Mehr noch als Arafat selbst trifft diese Kritik seine Minister, etwa Nabil Scha'at, der sich im April in Beirut aufhielt, ohne sich öffentlich über den israelischen Einmarsch zu äußern, während manche seiner Kabinettskollegen unter Hausarrest standen und über keine Kommunikationsmittel verfügten. Undenkbar wäre vor Monaten noch gewesen, was kürzlich in Ramallah geschah. Ein Minister, Hannan Asfour, wurde öffentlich zusammengeschlagen. Arafat sagte aus Angst um seine Sicherheit einen Besuchstermin in Jenin ab, wo er für das so genannte Massaker der israelischen Armee mitverantwortlich gemacht wird.

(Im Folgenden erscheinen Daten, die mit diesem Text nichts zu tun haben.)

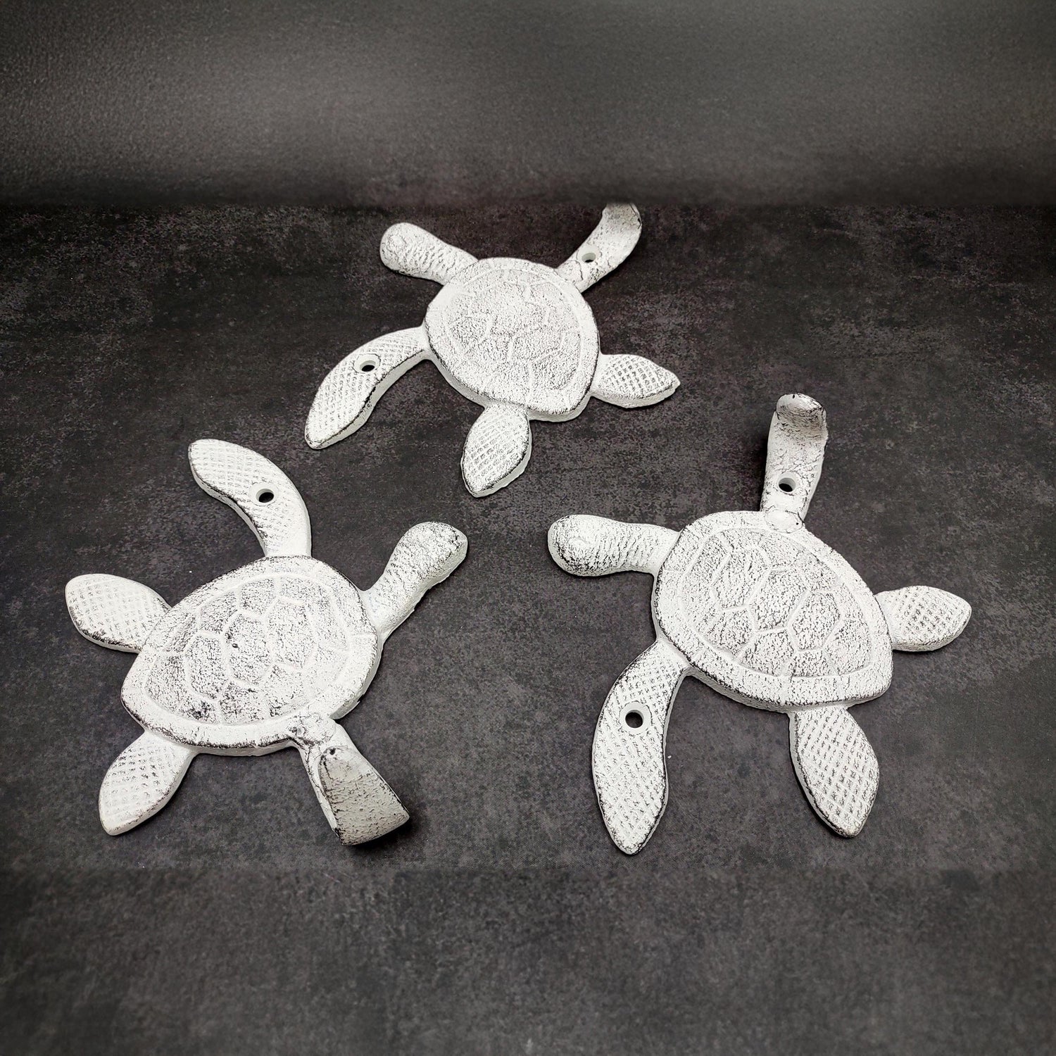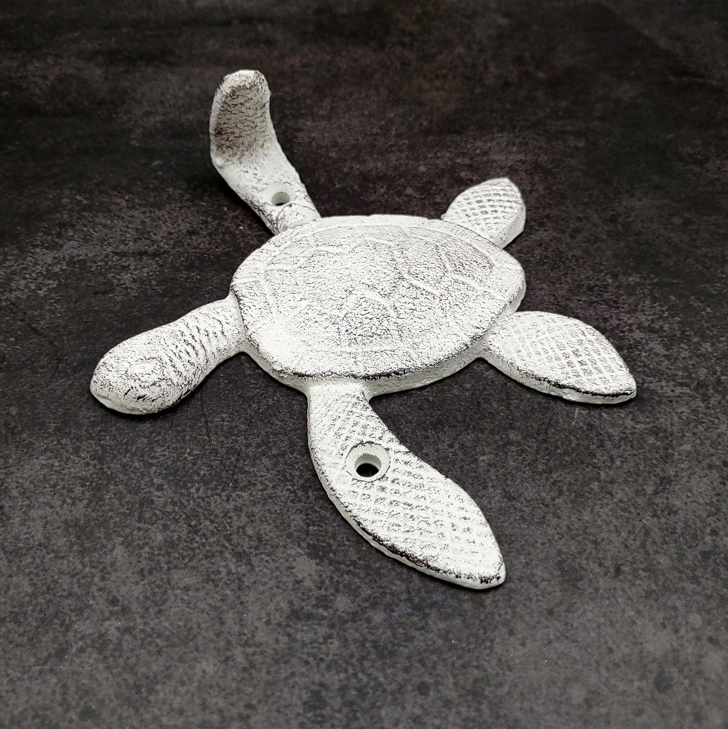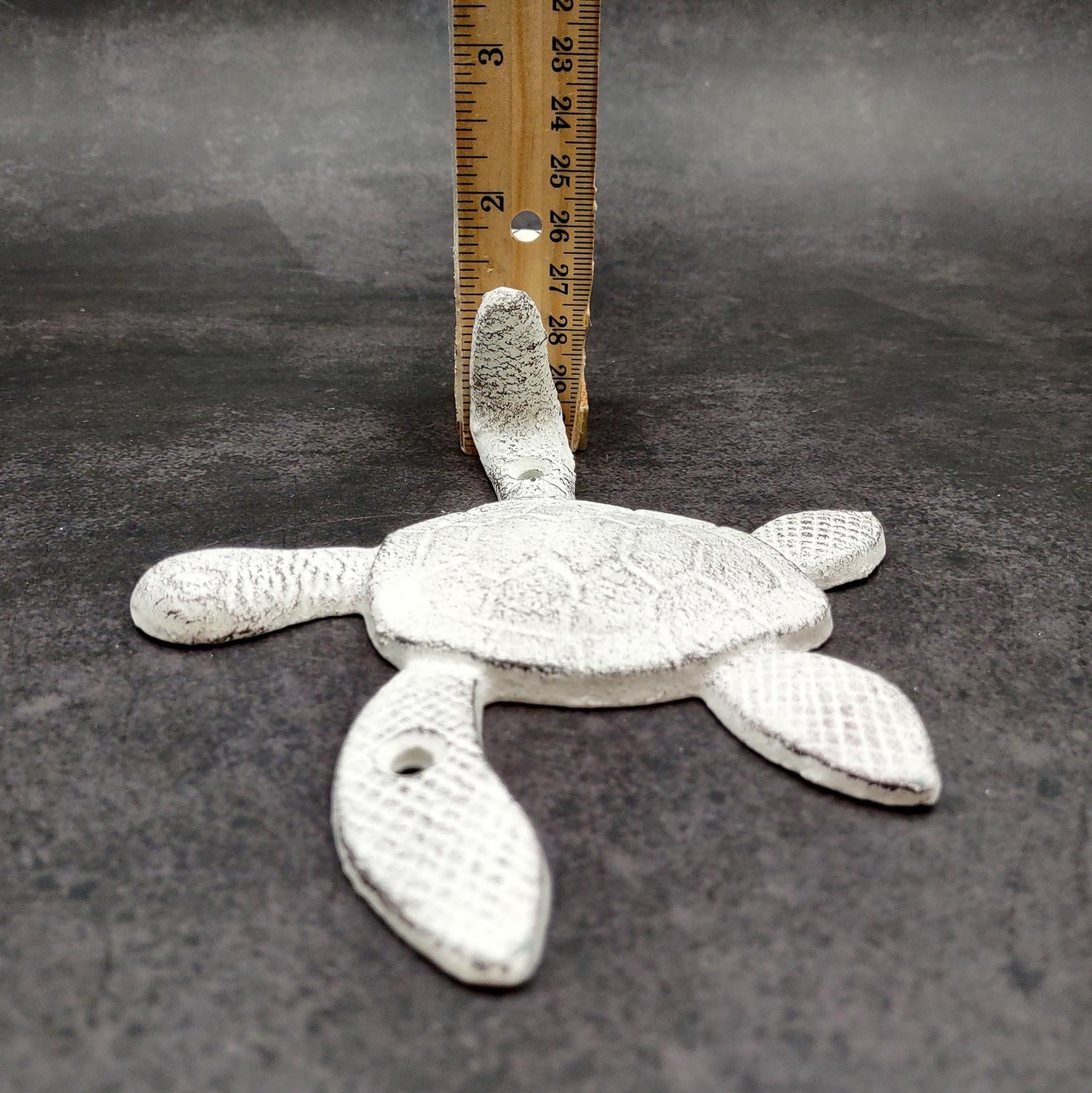 Cast Iron Antique White Sea Turtle Wall Hook (1 cast iron hook approx. 6+ inches) Functional Sea Turtle Wall Hanger for coastal home decor! is backordered and will ship as soon as it is back in stock.

Die Kritik an Arafat richtet sich allerdings nicht gegen die Intifada, wie etwa die Kandidatur des Politologieprofessors Abdel Sattar Qassem aus Nablus zeigt, der ankündigte, bei der kommenden Präsidentschaftswahl gegen Arafat antreten zu wollen. Quassem verteidigte kürzlich in einer der Hamas nahe stehenden Zeitung Selbstmordattentate als legitime Form des Widerstands gegen die israelische Besatzungspolitik und sprach Israel das Existenzrecht ab.

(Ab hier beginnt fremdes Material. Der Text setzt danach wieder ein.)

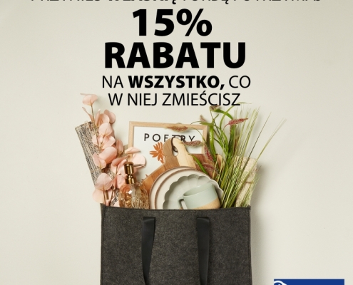 Przynieś własną torbę do JYSK i otrzymaj 15% rabatu na wszystko, co w niej zmieścisz.
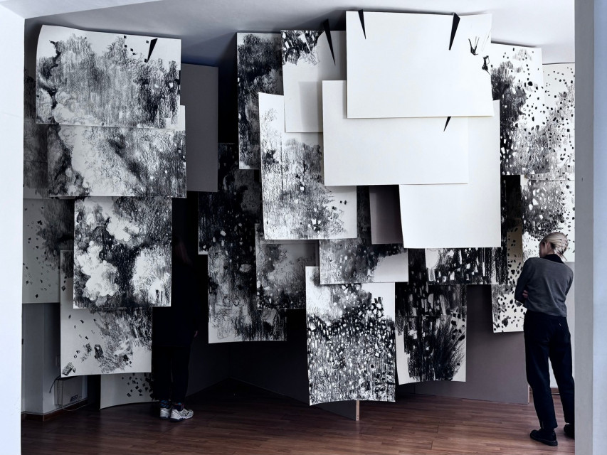 Συνεχίζεται η έκθεση της Κατερίνας Στεφανιδάκη στην γκαλερί Ζουμπουλάκη, όπου η καλλιτέχνις τοποθετεί την εγκατάσταση «Safe Ground» (φωτογραφία), η οποία αποτελείται από τρισδιάστατες επιφάνειες κατασκευασμένες από χαρτί, κάρβουνο και ξύλο.Οι επιφάνειες αυτές έχουν το ύψος της γκαλερί, ενώ δημιουργούν σύντομες, δαιδαλώδεις διαδρομές, τις οποίες οι επισκέπτες καλούνται να ακολουθήσουν. Στις 10 π.μ. – 4 μ.μ., Κριεζώτου 6.
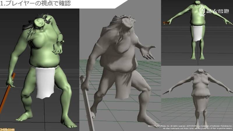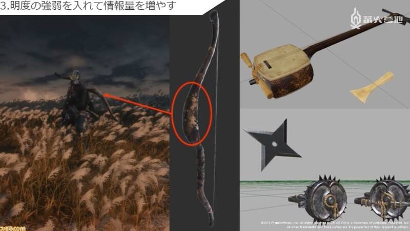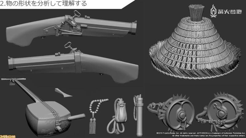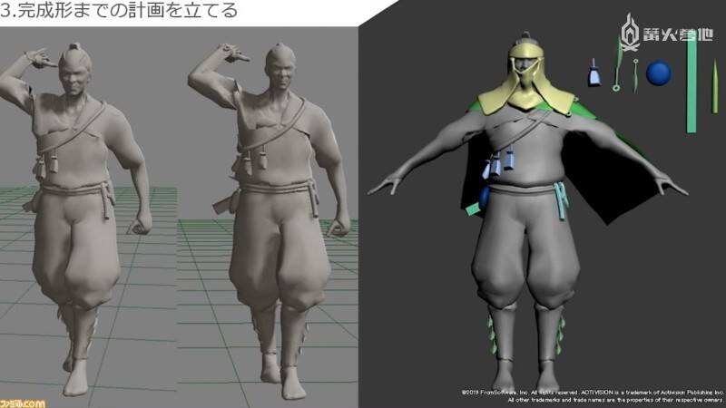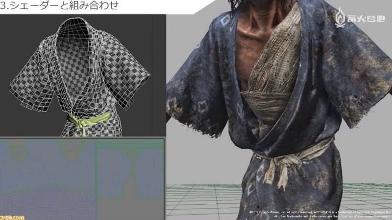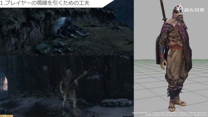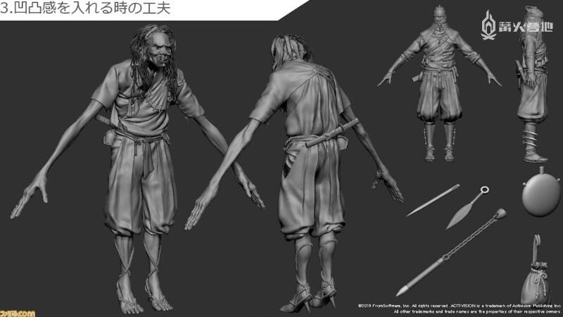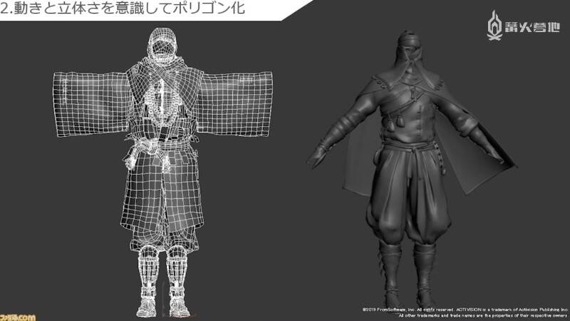 听完了立石在实际开发以及从前辈那里学到的 FromSoftware 式背景和场景的制作方法。接下来轮到末武为大家介绍角色制作部分了。角色部分的解说均以《只狼》中的模型为例,他在介绍实际制作流程的同时,还提及了不少制作时需要注重的要点。

Die allgemeine Stimmung beschreibt Subhi al-Zobaidi in der Zürcher Wochenzeitung Woz: »Wir haben autokratische Behörden, die nicht mit ihrem Volk sprechen und die gewählten VolksvertreterInnen nicht konsultieren. Arafat entscheidet über alles, ob wichtig oder nicht. Dazu kommt auf der Seite der Opposition eine ineffektive und archaische Linke, die nicht zu unterscheiden ist von religiösem Fundamentalismus. Und wir haben Hamas und Jihad als dominierende Oppositionsgruppierungen, ohne Überschneidung mit den Behörden.«

Zobaidi äußert die Hoffnung, nach dem Einmarsch der israelischen Armee, der »alle Schwächen der palästinensischen Gesellschaft ans Tageslicht gebracht« habe, könne nun jene Mehrheit der Palästinenser, die weder hinter der Hamas noch hinter der korrupten Führung stünde, auf wirkliche Reformen drängen. Aber selbst hohe Fatah-Funktionäre wie Hassan Khreisheh erklären inzwischen resigniert, dass »Arafat nur Arafat liebt und einzig nach seinem persönlichen Vorteil strebt«.

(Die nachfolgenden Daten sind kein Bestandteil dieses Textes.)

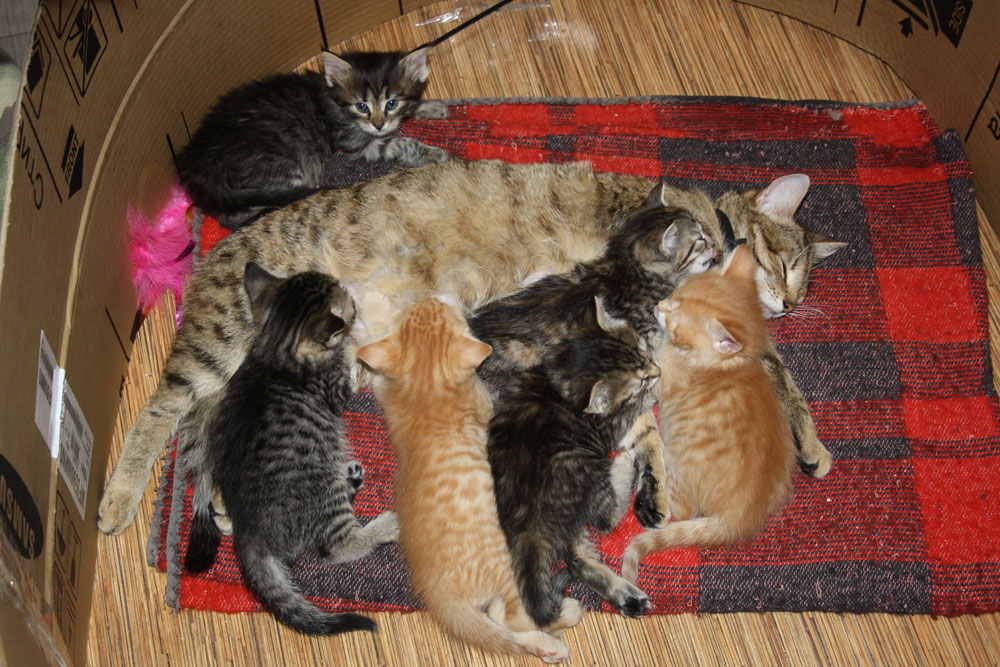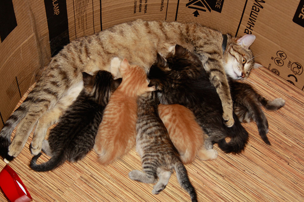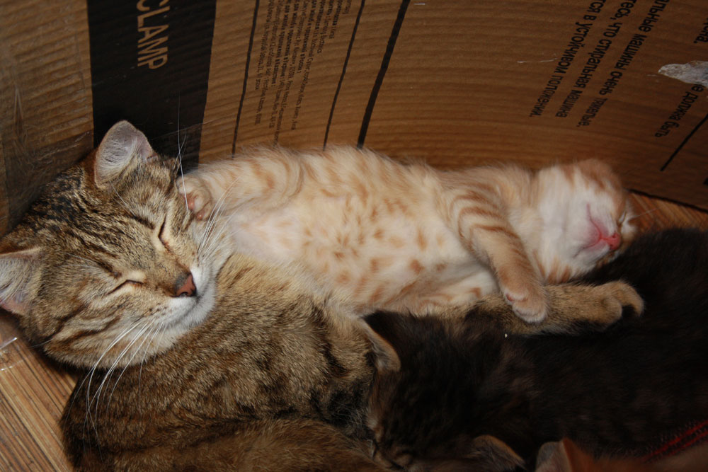 Котята уже такие большие, а все ещё сосут маму. Редкие моменты спокойствия. Кормление и послеобеденный сон
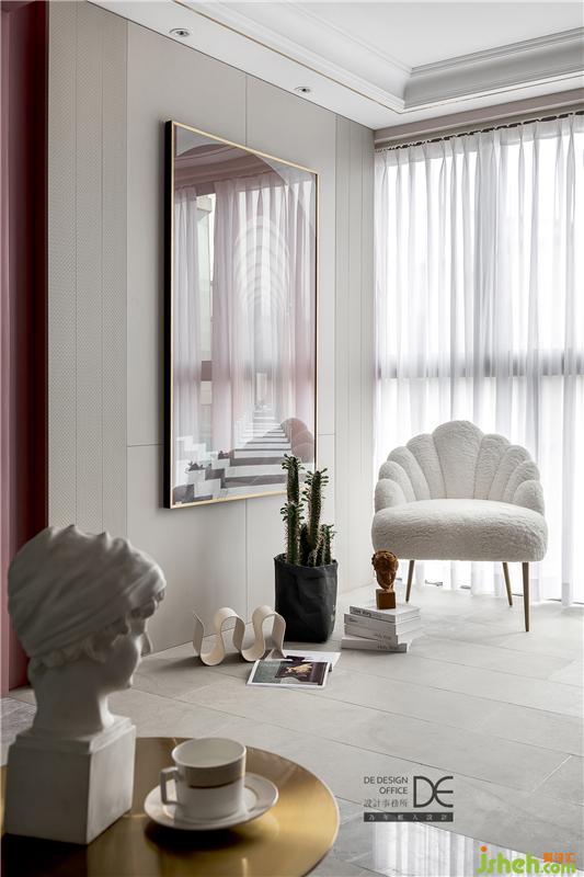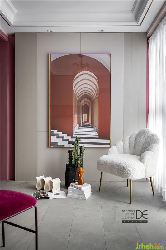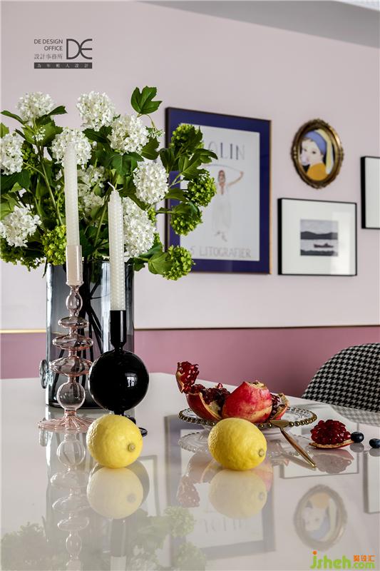 墻面金色不銹鋼線條讓粉嫩的空間多了幾分硬朗,花藝也為這里增添了不少生機(jī),彰顯出主人精致的生活品質(zhì)。甜甜氣息充滿了整個(gè)空間,仿佛一杯Pink Mojito,賦予空間不一樣的浪漫。
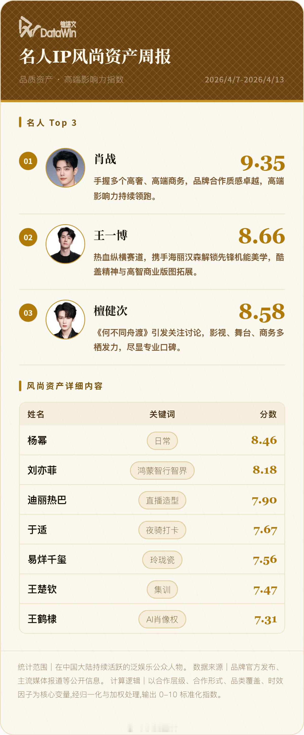 德塔文名人IP周报来了 品质资产 高端影响力指数top3 肖战 王一博 檀健次商
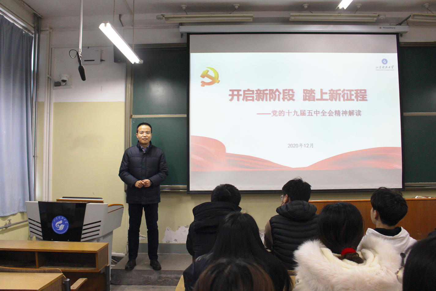 12月14日,乌鸦传媒 党委副书记兼副院长程家国在5#104为所带班级作“党的十九届五中全会精神”宣讲会,安全工程专业2018级全体学生参与。
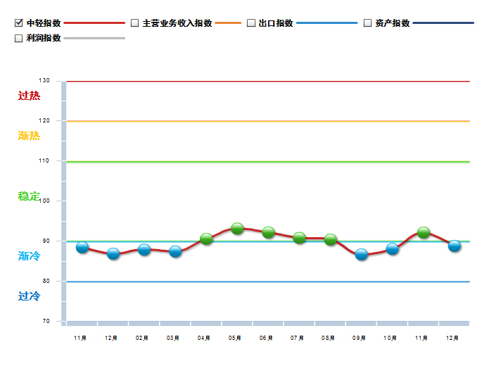 从轻工业行业运行监测预警系统上看,饮料工业运行的综合景气指数显示:饮料行业从去年运行渐冷状态,逐月回升到今年4月份,进入稳定区间后,基本在偏冷和平稳区间波动,年底景气指数在渐冷区间徘徊。4个分项景气指数上,除出口景气指数异常外,主营业务收入、资产、利润景气指数都处于稳定渐冷的状态。

Ohne einen grundlegenden Wandel der PA aber werden vermutlich immer mehr Israelis in Zukunft den Kurs Benyamin Netanyahus unterstützen, der gegen Ariel Sharon auf dem letzten Likud-Parteitag einen Sieg davontrug, indem er versprach, mit ihm gäbe es keinen palästinensischen Staat. So steht zu befürchten, dass, nachdem er Sharons Sieg 2001 erst ermöglicht hat, Arafat nun zum erfolgreichen Wahlkampfhelfer Netanyahus wird.